-- Dataset records follows --

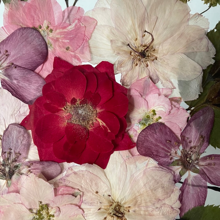 Květinový ručně vyrobený obraz s květy růžových a červených barviček, které rostou ze středu obrazu. Mezi květy najdete růže, ostrožky, květy třešní a mnoho dalšího.
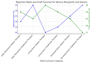 Older recipients: Older patients (aged 60 and above) benefited more from newer immunosuppressive agents, with significantly lower rejection rates and better graft function compared to younger recipients.
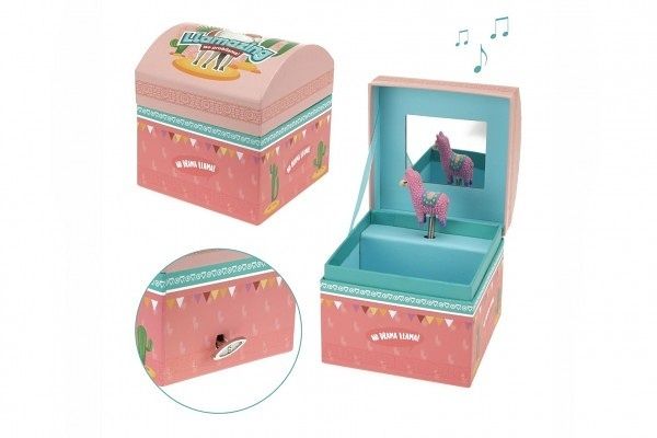 Šperkovnice pro malé dámy ve stylu cool lamy. Natáhněte klíček. Otevřete šperkovnici a ihned se rozezní líbezní melodie a bude se zde točit malá lama. Šperkovnice malým parádnicím uchová veškeré poklady, od náramkl přes náhrdelníky a další tajné věci! Nechybí ani zrcátko, které je připevněné na víku zevnitř.
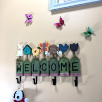 美式乡村zakka挂钩创意小鸟木质挂衣架墙面钥匙架房间装饰衣帽架
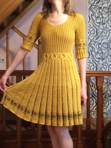 Наталья, спасибо. Цвет нам тоже очень нравится. А фасон рождался по мере роста изделия. Как-то сам собой. Хочу заметить, платье без швов. Только рукава сшивались, потому что не очень удобно было вязать жаккард на круговых
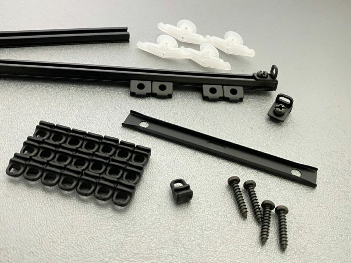 「汎用ブラックカーテンレール分割タイプ」は、レール本体はつや消しブラック。ランナーやビスなどの付属品も、見える部品はすべてブラックに統一したこだわり。200系ハイエース S-GLダークプライムグレードなど、ブラック内装のお車に最適です。ブラックのカーテンとの一体感を出して、愛車の内装により高級感を持たせ、自分好みにカスタマイズしていただけるようになりました。
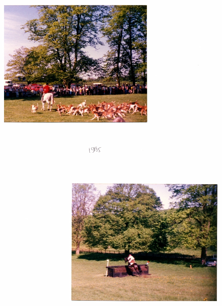 9. A further 1985 photo of the foxhounds plus one of a rider clearing one of the cross country jumps.
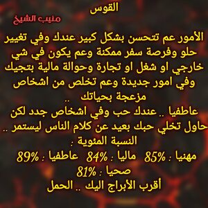 مولود اليوم 8ديسمبر .. يمتلك ضحكة عريضة .. وجه بشوش . يحب التحدي .. يمتلك التفاؤل .. محظوظ ويصل لأبعد الأماكن .. يستطيع أن يعدي بطاقته .. يقدم النصيحة ويكون شديد الملاحظة .. عاطفي ويحب من قلبه .. قريب من عائلته ، لا يرضى بعدم التقدير او الاهمال ابدا ، ينجح في حياته ويصل دائما ، كمان انه يحاول ان يحل الامور بذكائه وسرعة البديهة لديه ..
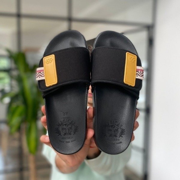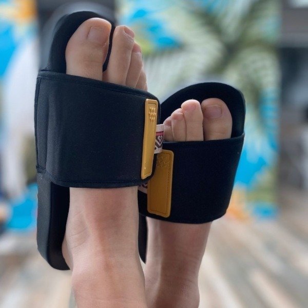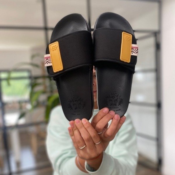 Se caracteriza por su diseño simple y funcional. Tienen una faja ancha que cruza el empeine del pie y se ajusta con un velcro reforzado, están confeccionadas en neoprene estampado combinado con doble frontura. Super cómoda y suaves al tacto, ya que en su interior están forradas con un textil suave como la microfibra dando una sensación agradable en la piel.
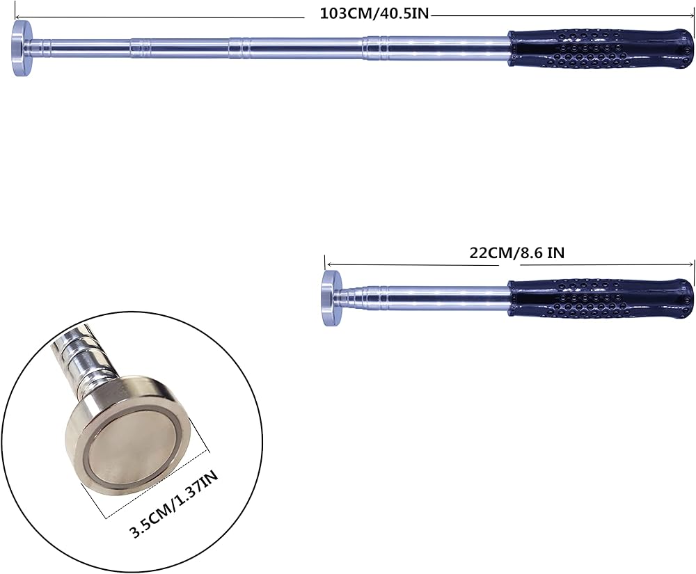 • 35 pound strong suction magnetic pickup, with 6 telescopic tubes on the handle and dual safety jaws on the handle. Not easy to break, sturdy and durable. Product packaging weight 0.39lb.Extends up 8.8" to 41". Foam comfort grip for easy operation and control. Durable stainless steel construction.Pick up sticks that great to use in classroom, garage, home, office, workshop, yard, and more!
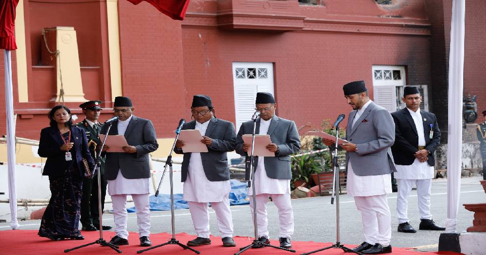 काठमाडौं । राष्ट्रपति रामचन्द्र पौडेलसमक्ष नेपाल सरकारका नवनियुक्त चार मन्त्रीहरूले आज पद तथा गोपनीयताको शपथ लिएका छन् ।
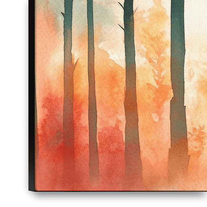 Une douce lumière traverse les grands arbres, tandis que l'orange chaud et le vert froid s'unissent harmonieusement. Ce paysage forestier de rêve respire la sérénité et invite à la rêverie. Idéal pour la chambre à coucher, il crée une atmosphère relaxante qui apaise les sens et invite à la détente.
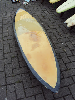 This one ,seen at the surf meet in Braunton, is an earlier board and a 'Graham Nile model'. St Austell power surfer Graham was H&H's team rider, and took one of their boards to the World championships in 1970. Whether this was actually shaped by Graham , or his personal board, we don't know yet. I'll have to ask Rob Hendy who is now a busy man in the world of magic !
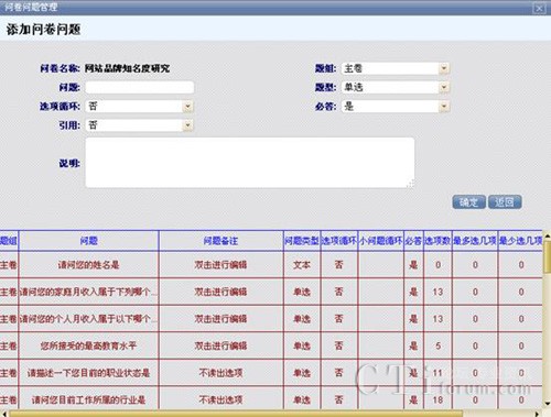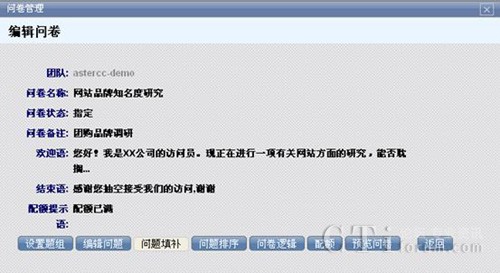 在后臺能夠對問卷進行添加或刪除,對問卷的設計、表現(xiàn)形式、問題類型等進行編輯修改。
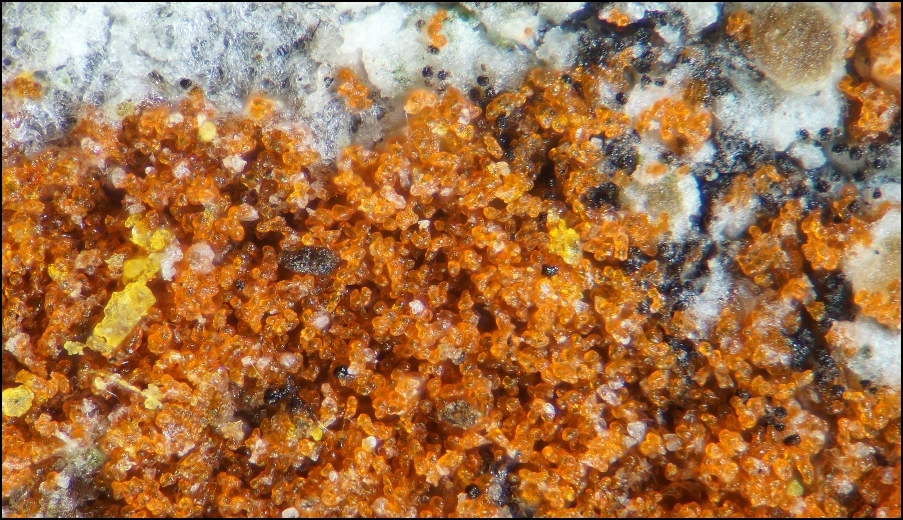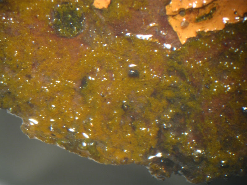 eine improvisierte Aufnahme eines Rindenstückchens mit Trentepohlia unter meiner Stereo-Lupe:

-- Dataset records concluded --

Each line above should be printed again exactly, though the pictures should not be.

Exercise output:
 Květinový ručně vyrobený obraz s květy růžových a červených barviček, které rostou ze středu obrazu. Mezi květy najdete růže, ostrožky, květy třešní a mnoho dalšího.
 Older recipients: Older patients (aged 60 and above) benefited more from newer immunosuppressive agents, with significantly lower rejection rates and better graft function compared to younger recipients.
 Šperkovnice pro malé dámy ve stylu cool lamy. Natáhněte klíček. Otevřete šperkovnici a ihned se rozezní líbezní melodie a bude se zde točit malá lama. Šperkovnice malým parádnicím uchová veškeré poklady, od náramkl přes náhrdelníky a další tajné věci! Nechybí ani zrcátko, které je připevněné na víku zevnitř.
 美式乡村zakka挂钩创意小鸟木质挂衣架墙面钥匙架房间装饰衣帽架
 Наталья, спасибо. Цвет нам тоже очень нравится. А фасон рождался по мере роста изделия. Как-то сам собой. Хочу заметить, платье без швов. Только рукава сшивались, потому что не очень удобно было вязать жаккард на круговых
 「汎用ブラックカーテンレール分割タイプ」は、レール本体はつや消しブラック。ランナーやビスなどの付属品も、見える部品はすべてブラックに統一したこだわり。200系ハイエース S-GLダークプライムグレードなど、ブラック内装のお車に最適です。ブラックのカーテンとの一体感を出して、愛車の内装により高級感を持たせ、自分好みにカスタマイズしていただけるようになりました。
 9. A further 1985 photo of the foxhounds plus one of a rider clearing one of the cross country jumps.
 مولود اليوم 8ديسمبر .. يمتلك ضحكة عريضة .. وجه بشوش . يحب التحدي .. يمتلك التفاؤل .. محظوظ ويصل لأبعد الأماكن .. يستطيع أن يعدي بطاقته .. يقدم النصيحة ويكون شديد الملاحظة .. عاطفي ويحب من قلبه .. قريب من عائلته ، لا يرضى بعدم التقدير او الاهمال ابدا ، ينجح في حياته ويصل دائما ، كمان انه يحاول ان يحل الامور بذكائه وسرعة البديهة لديه ..
 Se caracteriza por su diseño simple y funcional. Tienen una faja ancha que cruza el empeine del pie y se ajusta con un velcro reforzado, están confeccionadas en neoprene estampado combinado con doble frontura. Super cómoda y suaves al tacto, ya que en su interior están forradas con un textil suave como la microfibra dando una sensación agradable en la piel.
 • 35 pound strong suction magnetic pickup, with 6 telescopic tubes on the handle and dual safety jaws on the handle. Not easy to break, sturdy and durable. Product packaging weight 0.39lb.Extends up 8.8" to 41". Foam comfort grip for easy operation and control. Durable stainless steel construction.Pick up sticks that great to use in classroom, garage, home, office, workshop, yard, and more!
 काठमाडौं । राष्ट्रपति रामचन्द्र पौडेलसमक्ष नेपाल सरकारका नवनियुक्त चार मन्त्रीहरूले आज पद तथा गोपनीयताको शपथ लिएका छन् ।
 Une douce lumière traverse les grands arbres, tandis que l'orange chaud et le vert froid s'unissent harmonieusement. Ce paysage forestier de rêve respire la sérénité et invite à la rêverie. Idéal pour la chambre à coucher, il crée une atmosphère relaxante qui apaise les sens et invite à la détente.
 This one ,seen at the surf meet in Braunton, is an earlier board and a 'Graham Nile model'. St Austell power surfer Graham was H&H's team rider, and took one of their boards to the World championships in 1970. Whether this was actually shaped by Graham , or his personal board, we don't know yet. I'll have to ask Rob Hendy who is now a busy man in the world of magic !
 在后臺能夠對問卷進行添加或刪除,對問卷的設計、表現(xiàn)形式、問題類型等進行編輯修改。
 eine improvisierte Aufnahme eines Rindenstückchens mit Trentepohlia unter meiner Stereo-Lupe:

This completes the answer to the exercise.